DATASET —
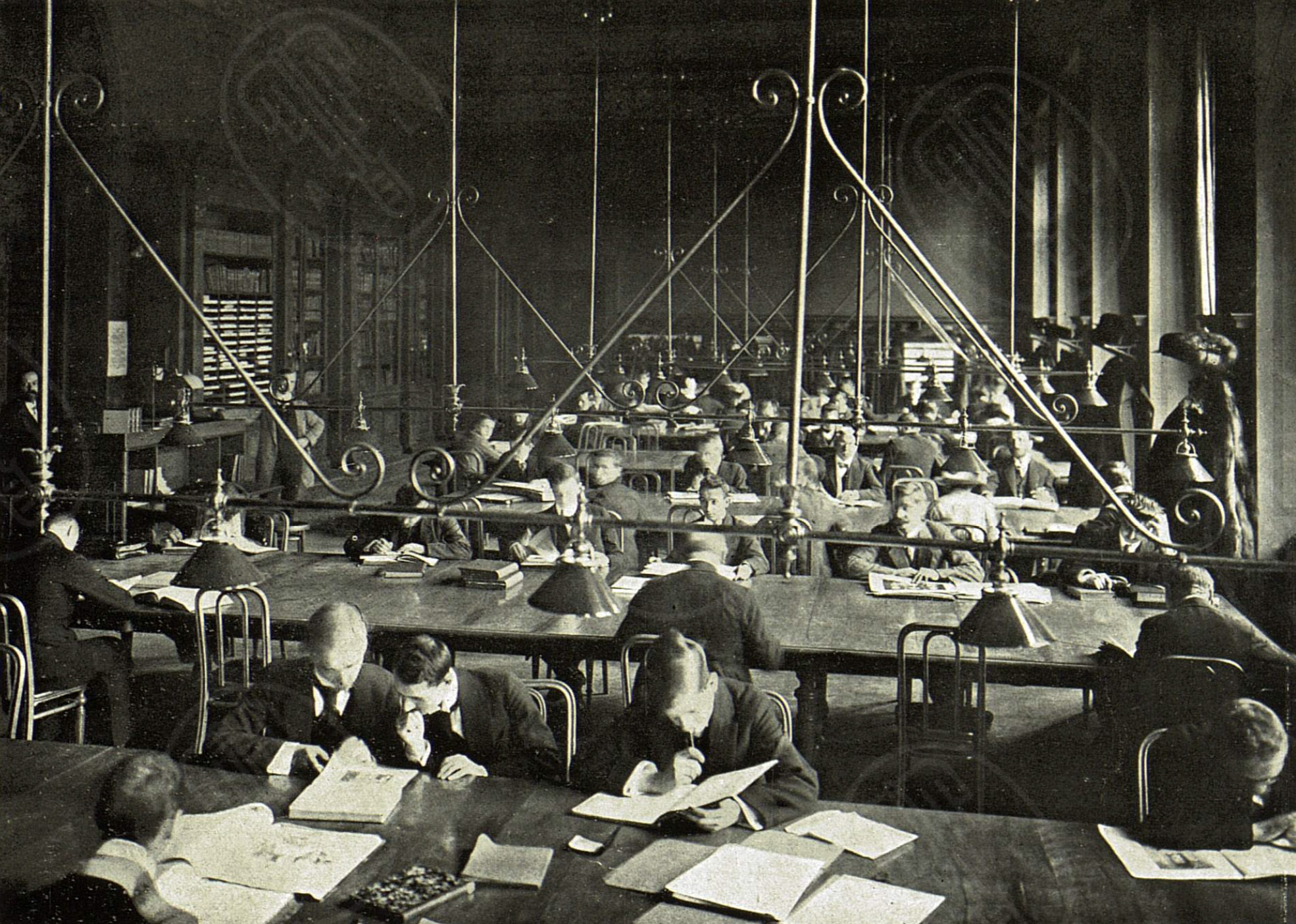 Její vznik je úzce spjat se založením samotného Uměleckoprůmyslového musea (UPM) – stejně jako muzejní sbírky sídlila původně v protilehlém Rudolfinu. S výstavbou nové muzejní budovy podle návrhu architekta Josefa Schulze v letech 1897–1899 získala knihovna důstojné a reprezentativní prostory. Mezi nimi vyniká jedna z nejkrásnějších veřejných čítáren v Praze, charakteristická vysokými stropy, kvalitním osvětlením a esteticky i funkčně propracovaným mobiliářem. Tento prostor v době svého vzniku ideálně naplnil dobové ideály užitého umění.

---

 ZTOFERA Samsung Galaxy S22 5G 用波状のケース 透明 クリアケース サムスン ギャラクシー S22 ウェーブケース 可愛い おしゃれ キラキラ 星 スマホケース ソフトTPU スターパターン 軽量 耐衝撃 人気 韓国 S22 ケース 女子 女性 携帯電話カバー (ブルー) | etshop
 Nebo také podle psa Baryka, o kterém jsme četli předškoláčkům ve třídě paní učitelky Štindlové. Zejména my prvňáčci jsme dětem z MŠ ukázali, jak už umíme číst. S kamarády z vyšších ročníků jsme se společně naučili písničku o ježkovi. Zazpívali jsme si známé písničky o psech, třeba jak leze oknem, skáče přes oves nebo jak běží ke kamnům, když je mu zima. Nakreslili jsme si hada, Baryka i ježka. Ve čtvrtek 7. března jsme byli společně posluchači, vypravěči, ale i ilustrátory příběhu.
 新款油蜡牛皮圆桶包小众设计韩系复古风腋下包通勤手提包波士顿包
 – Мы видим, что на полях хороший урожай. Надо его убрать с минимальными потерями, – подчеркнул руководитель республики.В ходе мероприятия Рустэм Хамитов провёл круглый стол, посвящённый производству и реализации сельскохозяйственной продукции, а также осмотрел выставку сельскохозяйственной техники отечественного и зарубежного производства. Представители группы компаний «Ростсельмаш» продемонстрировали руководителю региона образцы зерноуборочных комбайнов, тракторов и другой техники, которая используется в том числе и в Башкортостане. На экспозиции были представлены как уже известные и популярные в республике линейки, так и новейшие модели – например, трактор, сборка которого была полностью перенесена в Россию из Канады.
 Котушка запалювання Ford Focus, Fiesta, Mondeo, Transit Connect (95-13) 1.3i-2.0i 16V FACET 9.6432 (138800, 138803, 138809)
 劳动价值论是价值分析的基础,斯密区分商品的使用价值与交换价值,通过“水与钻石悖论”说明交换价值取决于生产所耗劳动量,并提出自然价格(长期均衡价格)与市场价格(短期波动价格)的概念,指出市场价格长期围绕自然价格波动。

* * *

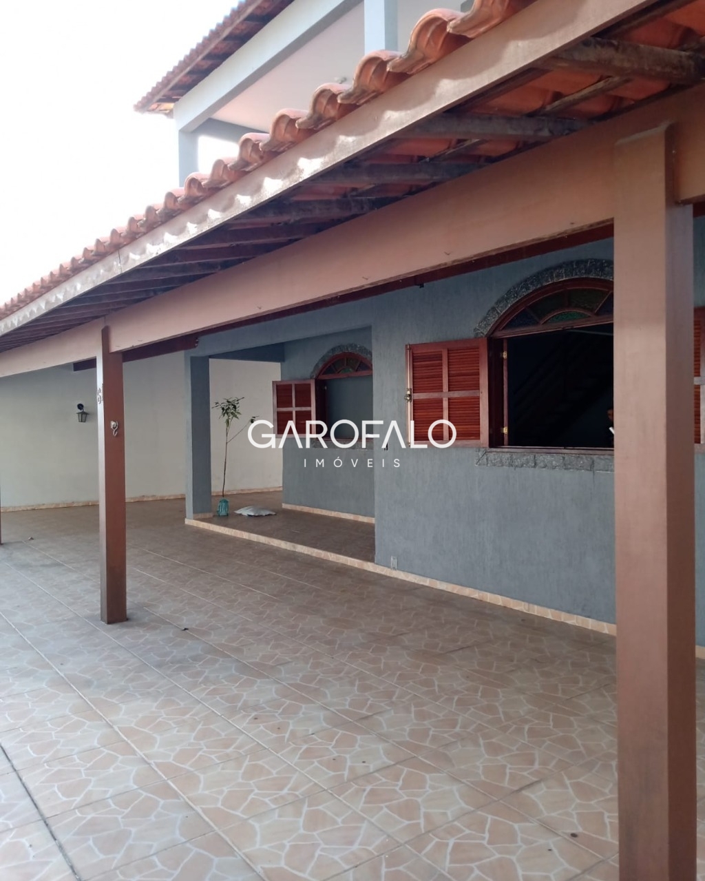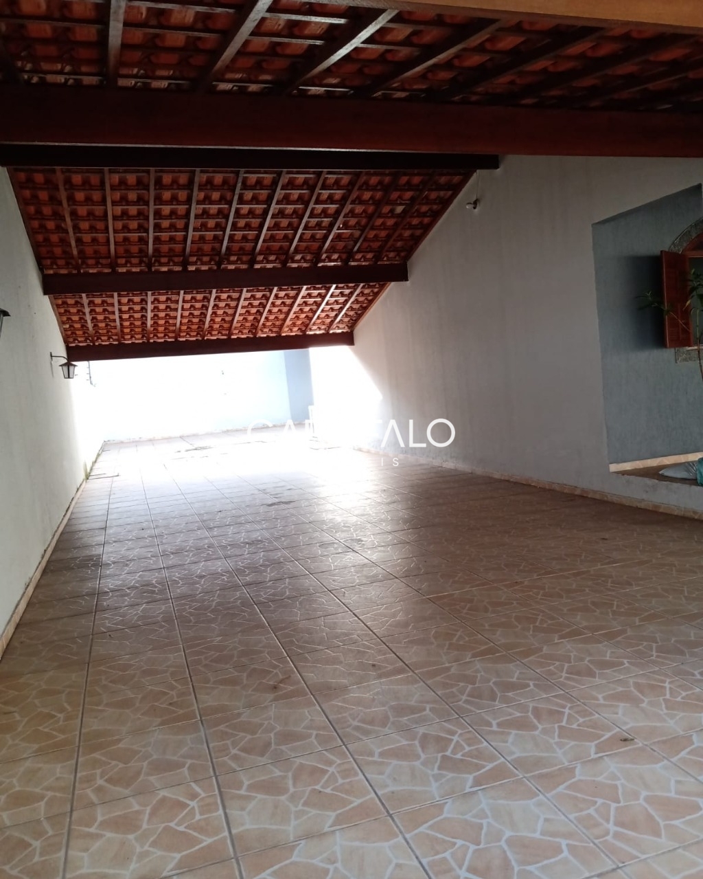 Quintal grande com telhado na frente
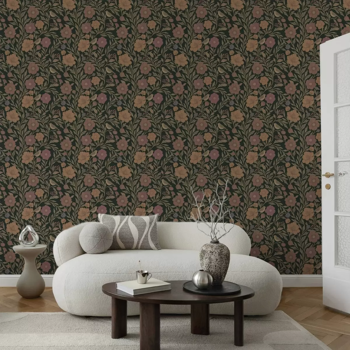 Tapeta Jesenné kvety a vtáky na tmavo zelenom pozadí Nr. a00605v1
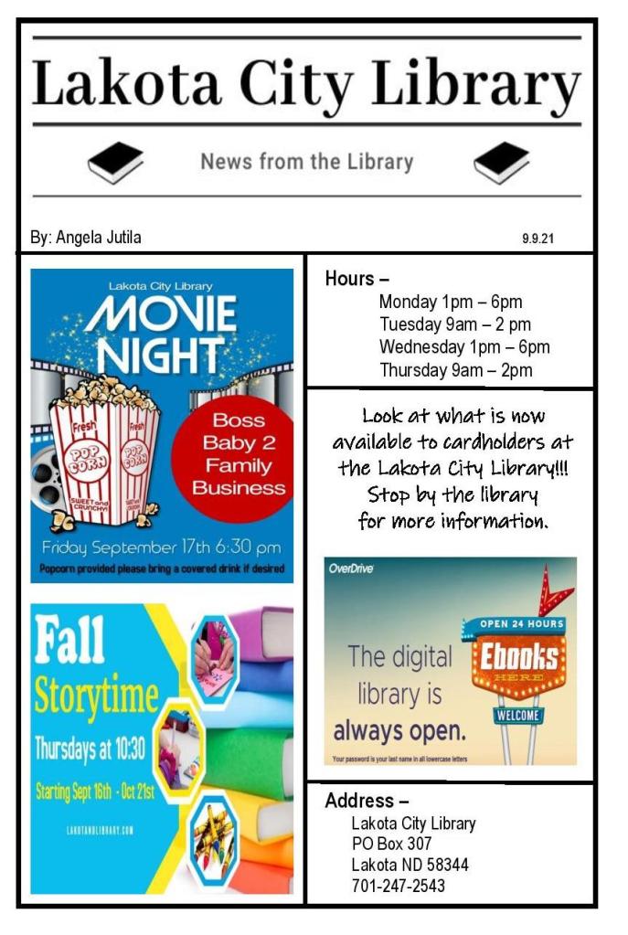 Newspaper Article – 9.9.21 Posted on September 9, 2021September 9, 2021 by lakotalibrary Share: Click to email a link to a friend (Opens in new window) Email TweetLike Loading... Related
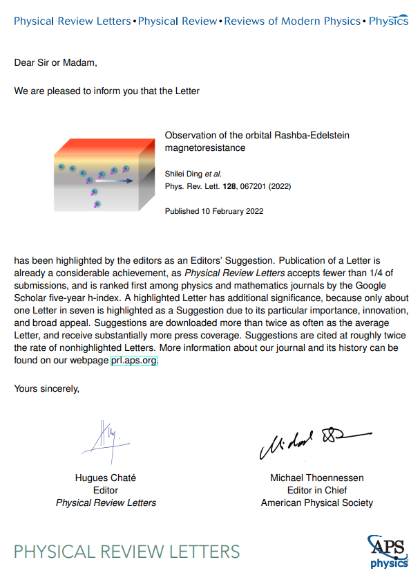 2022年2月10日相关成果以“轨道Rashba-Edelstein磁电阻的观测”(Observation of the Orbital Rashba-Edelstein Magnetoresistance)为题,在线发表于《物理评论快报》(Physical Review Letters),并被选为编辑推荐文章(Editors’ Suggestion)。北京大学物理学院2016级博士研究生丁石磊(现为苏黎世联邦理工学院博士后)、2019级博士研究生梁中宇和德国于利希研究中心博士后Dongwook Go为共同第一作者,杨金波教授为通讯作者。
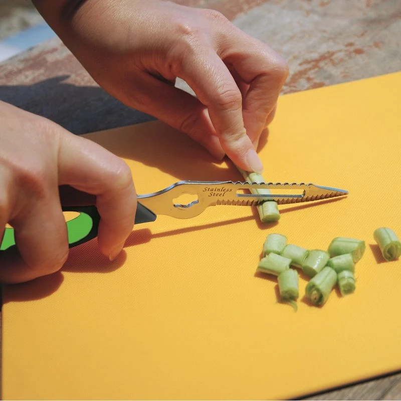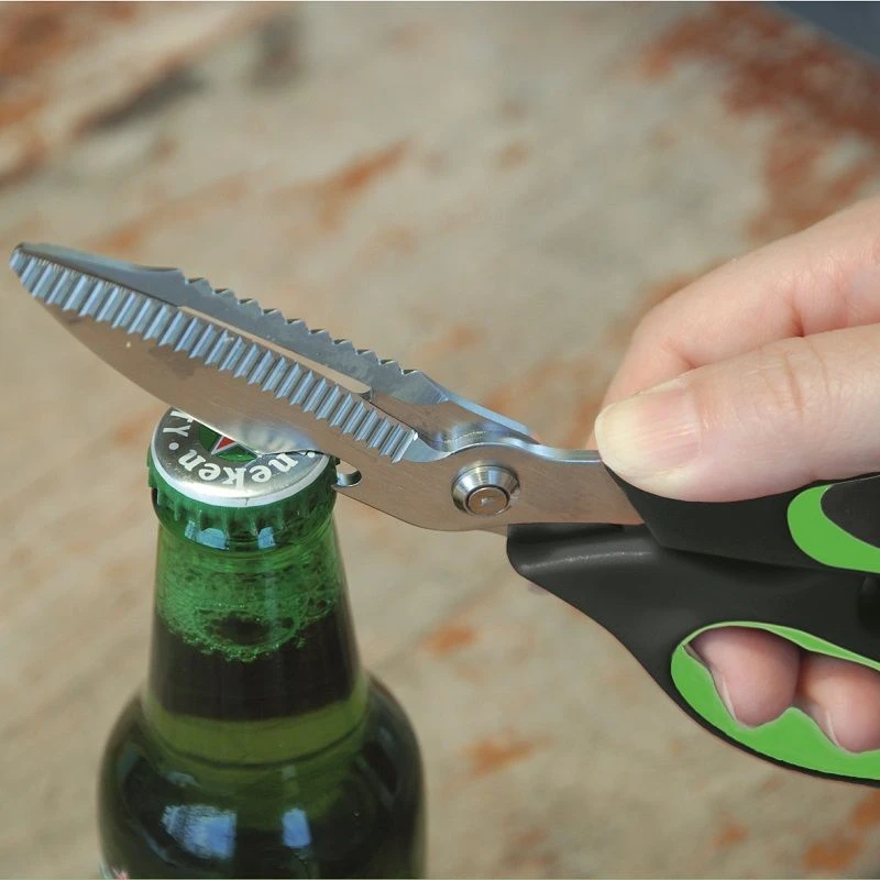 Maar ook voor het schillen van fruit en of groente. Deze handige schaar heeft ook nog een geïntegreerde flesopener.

WORK TO BE COMPLETED — In the records above, find the line with "新款油蜡牛皮圆桶包小众设计韩系复古风腋下包通勤手提包波士顿包"; write out exactly that line and each one after it, stopping after the line with "劳动价值论是价值分析的基础,斯密区分商品".

TASK SOLUTION —
 新款油蜡牛皮圆桶包小众设计韩系复古风腋下包通勤手提包波士顿包
 – Мы видим, что на полях хороший урожай. Надо его убрать с минимальными потерями, – подчеркнул руководитель республики.В ходе мероприятия Рустэм Хамитов провёл круглый стол, посвящённый производству и реализации сельскохозяйственной продукции, а также осмотрел выставку сельскохозяйственной техники отечественного и зарубежного производства. Представители группы компаний «Ростсельмаш» продемонстрировали руководителю региона образцы зерноуборочных комбайнов, тракторов и другой техники, которая используется в том числе и в Башкортостане. На экспозиции были представлены как уже известные и популярные в республике линейки, так и новейшие модели – например, трактор, сборка которого была полностью перенесена в Россию из Канады.
 Котушка запалювання Ford Focus, Fiesta, Mondeo, Transit Connect (95-13) 1.3i-2.0i 16V FACET 9.6432 (138800, 138803, 138809)
 劳动价值论是价值分析的基础,斯密区分商品的使用价值与交换价值,通过“水与钻石悖论”说明交换价值取决于生产所耗劳动量,并提出自然价格(长期均衡价格)与市场价格(短期波动价格)的概念,指出市场价格长期围绕自然价格波动。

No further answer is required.